Valerá pois a pena confrontá-lo com os desafios
perspetivados para a IV Revolução Industrial que estará em curso.
O enquadramento concetual das provas
O documento mencionado explicita que, como nos
anos anteriores, as questões daquelas próximas provas se dividem em três
níveis, conforme as respetivas complexidades cognitivas: um nível "inferior",
que convoca a memorização e mera reprodução das fórmulas de conhecimento; um
nível "médio", cujas questões requerem compreensão, interpretação e aplicação
do conhecimento em situações rotineiras; e um nível "superior", que comporta a
formulação pelo examinando de juízos de valor, a argumentação, e a aplicação do
conhecimento a novas situações.
O IAVE prescreve um “equilíbrio na valorização das
várias aprendizagens avaliadas e dos níveis de complexidade cognitiva
requeridos” (’Informação-Prova Geral’, p. 2). Para isso, entre os diversos
itens, a cotação mais elevada tem de ser inferior ou igual ao dobro da menos
elevada.
A mencionada estruturação facilmente se reporta a taxonomias
como a do psicólogo americano Benjamin Bloom, no domínio cognitivo. A estrutura
geral dos exames e demais provas tem assim um importante respaldo científico.
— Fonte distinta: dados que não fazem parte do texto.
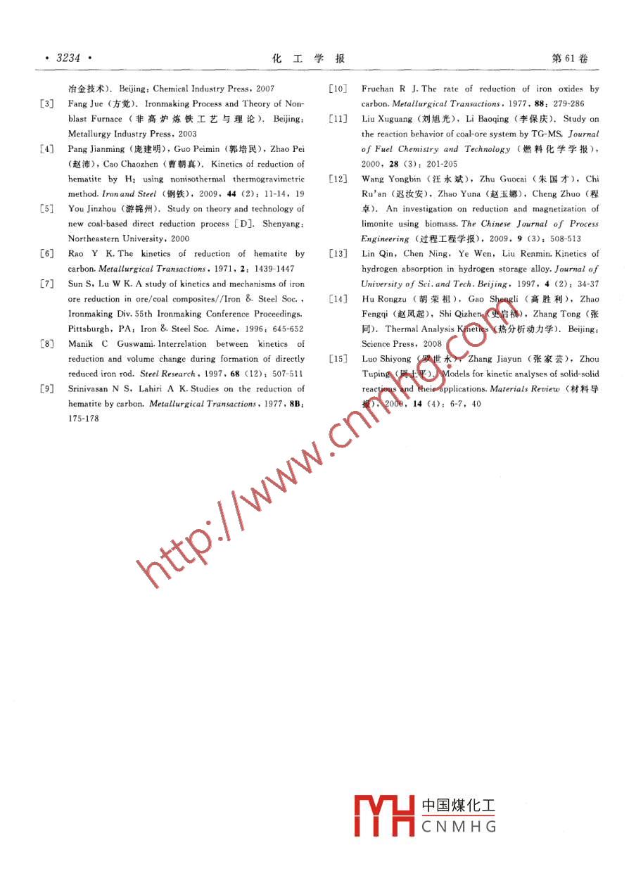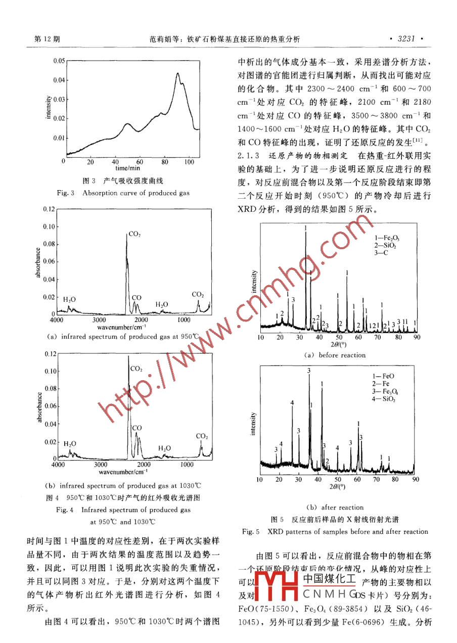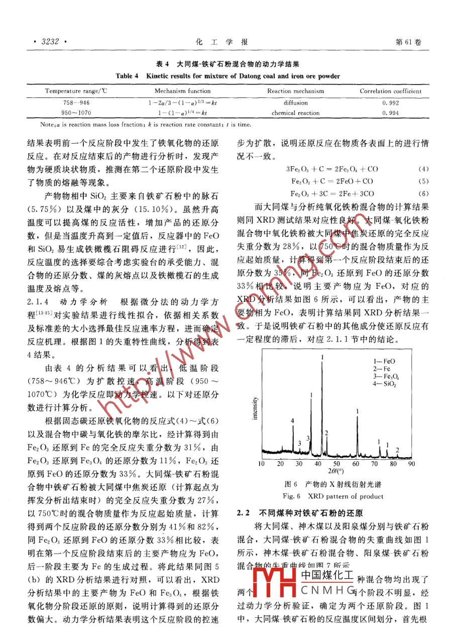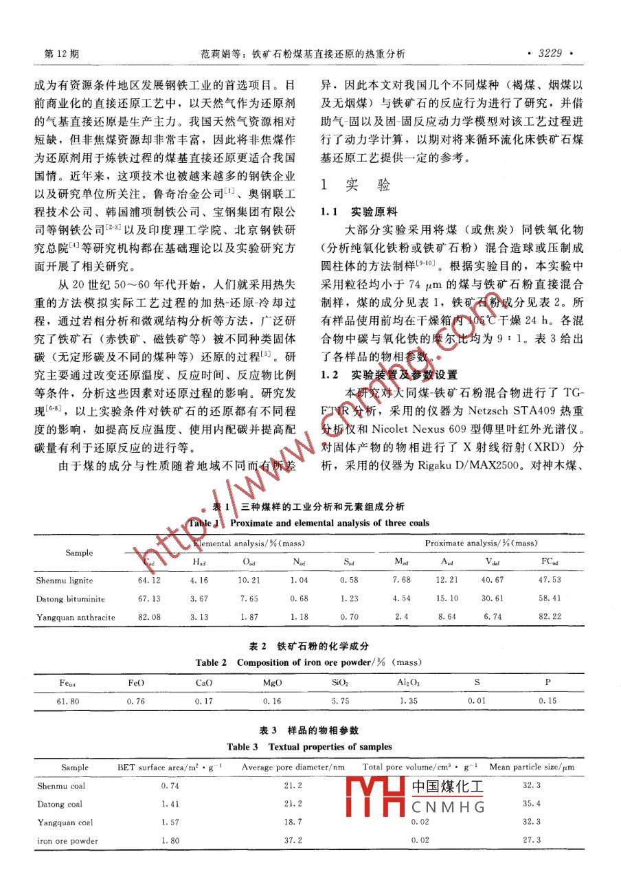 第61卷第12期化工學(xué)Vo.61No.122010年12月CIESC JournalDecember 2010∈∈eeee∈∈研究論文鐵礦石粉煤基直接還原的熱重分析范莉娟山2,呂清剛',那永潔(中國科學(xué)院工程熱物理研究所,北京100190;2中國科學(xué)院研究生院,北京100049)摘要:對(duì)大同煙煤-鐵礦石粉的混合物進(jìn)行了非等溫?zé)嶂丶t外聯(lián)用實(shí)驗(yàn)與分析,確定了鐵礦石粉發(fā)生還原反應(yīng)的溫度區(qū)間范圍,并結(jié)合還原產(chǎn)物的XRD圖譜以及熱重的定量計(jì)算結(jié)果,揭示了每個(gè)還原階段完成后產(chǎn)物的物相及相應(yīng)的還原分?jǐn)?shù)。為了比較,進(jìn)一步用熱重分析儀對(duì)大同煙煤、神木褐煤以及陽泉無煙煤與鐵礦石粉的混合物進(jìn)行了非等溫失重特性的對(duì)比實(shí)驗(yàn)研究。結(jié)果表明,低溫階段(800~950℃)煤對(duì)鐵礦石粉的還原性最好,而高溫階段(1000~1100℃)神木褐煤也表現(xiàn)出良好的還原性關(guān)鍵詞:鐵礦石粉;直接還原;煤中圖分類號(hào):TF559文獻(xiàn)標(biāo)識(shí)碼:A文章編號(hào):0438-1157(2010)12-3228-07Thermogravimetric analysis for direct reduction of iron ore powder by coalFAN Lijuan,, LU Qinggang, NA yongjieInstitute of Engineering Thermo ph ysics, Chinese Academy of Sciences, Beijing 100190, china;Graduate University of Chinese Academy of Sciences, Beijing 100049, China)Abstract: To determine the temperature range of iron ore reduction, the mixture of Datong bituminite andiron ore powder was reduced, and this process was measured by non-isothermal thermogravimetry. Gasproduct was analyzed by Fourier transfeorm intrad spectroscopy (TG-FTIR) and solid one by X-raydiffraction (XRD). The conversion, reduction fraction of iron ore and phase composition of solid productwere calculated quantitatively for each stage. For comparison, the reduction behavior of the iron ore witDatong bituminite, Shenmu lignite or Yangquan anthracite was further studied by the non-isothermal TGtechnique. The results showed that the mixture of the iron ore and the datong bituminite exhibited betterredox response at relatively low temperatures (800-950C) than the other two mixtures. At highertemperatures (1000--1100C), the sample of the iron ore and Shenmu lignite also showed goodreducibility.Key words iron ore powder; direct reduction; coal引言非高爐煉鐵技術(shù)逐漸興起,經(jīng)過數(shù)百年的發(fā)展,至今已經(jīng)形成了以直接還原和熔融還原為主體的現(xiàn)代高爐煉鐵作為煉鐵生產(chǎn)的主體,技術(shù)已經(jīng)非?;歉郀t煉鐵工業(yè)體系。其中,直接還原生產(chǎn)的海成熟,但它存在著對(duì)冶金焦的強(qiáng)烈依賴問題。為了綿鐵不僅是廢鋼的代用品,還是生產(chǎn)優(yōu)質(zhì)鋼、純凈降低煉鐵生產(chǎn)的成本,徹底擺脫對(duì)冶金焦的依賴,鋼不可缺少的原料,因此,直接還原煉鐵技術(shù)已經(jīng)TYH中國煤化工2010-03-03收到初稿,2010-06-23收到修改稿。CNMHG聯(lián)系人:呂清剛作者:范莉娟(1982-),女,博士研or: Prot. LU LInggang, glu ( mail. etp.ac, cn第12期范莉娟等:鐵礦石粉煤基直接還原的熱重分析成為有資源條件地區(qū)發(fā)展鋼鐵工業(yè)的首選項(xiàng)目。目異,因此本文對(duì)我國幾個(gè)不同煤種(褐煤、煙煤以前商業(yè)化的直接還原工藝中,以天然氣作為還原劑及無煙煤)與鐵礦石的反應(yīng)行為進(jìn)行了研究,并借的氣基直接還原是生產(chǎn)主力。我國天然氣資源相對(duì)助氣固以及固-固反應(yīng)動(dòng)力學(xué)模型對(duì)該工藝過程進(jìn)短缺,但非焦煤資源卻非常豐富,因此將非焦煤作行了動(dòng)力學(xué)計(jì)算,以期對(duì)將來循環(huán)流化床鐵礦石煤為還原劑用于煉鐵過程的煤基直接還原更適合我國基還原工藝提供一定的參考。國情。近年來,這項(xiàng)技術(shù)也被越來越多的鋼鐵企業(yè)以及研究單位所關(guān)注。魯奇冶金公司、奧鋼聯(lián)工1實(shí)驗(yàn)程技術(shù)公司、韓國浦項(xiàng)制鐵公司、寶鋼集團(tuán)有限公1.1實(shí)驗(yàn)原料司等鋼鐵公司3以及印度理工學(xué)院、北京鋼鐵研大部分實(shí)驗(yàn)采用將煤(或焦炭)同鐵氧化物究總院等研究機(jī)構(gòu)都在基礎(chǔ)理論以及實(shí)驗(yàn)研究方(分析純氧化鐵粉或鐵礦石粉)混合造球或壓制成面開展了相關(guān)研究。圓柱體的方法制樣10。根據(jù)實(shí)驗(yàn)?zāi)康?本實(shí)驗(yàn)中從20世紀(jì)50~60年代開始,人們就采用熱失采用粒徑均小于74gm的煤與鐵礦石粉直接混合重的方法模擬實(shí)際工藝過程的加熱還原冷卻過制樣,煤的成分見表1,鐵礦石粉成分見表2。所程,通過巖相分析和微觀結(jié)構(gòu)分析等方法,廣泛研有樣品使用前均在干燥箱內(nèi)105℃干燥24h。各混究了鐵礦石(赤鐵礦、磁鐵礦等)被不同種類固體合物中碳與氧化鐵的摩爾比均為9:1。表3給出碳(無定形碳及不同的煤種等)還原的過程。研了各樣品的物相參數(shù)究主要通過改變還原溫度、反應(yīng)時(shí)間、反應(yīng)物比例1.2實(shí)驗(yàn)裝置及參數(shù)設(shè)置等條件,分析這些因素對(duì)還原過程的影響。研究發(fā)本研究對(duì)大同煤-鐵礦石粉混合物進(jìn)行了TG現(xiàn)68),以上實(shí)驗(yàn)條件對(duì)鐵礦石的還原都有不同程FTIR分析,采用的儀器為 Netzsch STA409熱重度的影響,如提高反應(yīng)溫度、使用內(nèi)配碳并提高配分析儀和 Nicolet Nexus609型傅里葉紅外光譜儀。碳量有利于還原反應(yīng)的進(jìn)行等。對(duì)固

Resta aferir se esse enquadramento concetual que, enquanto se reporte a Bloom,
começou a ser formulado no dealbar da III Revolução Industrial a meados do
século passado, ainda recebe, por sua vez, respaldo da sociedade e da economia a
aproximar-se do fim do primeiro terço do séc. XXI.
A novidade laboral da IV Revolução Industrial
Na última década, com o crescimento exponencial da
IA e suas aplicações, autores como E. Brynjolfsson e A. McAfee (2014)
salientaram os desafios e oportunidades decorrentes dessa tecnologia e das TIC (t.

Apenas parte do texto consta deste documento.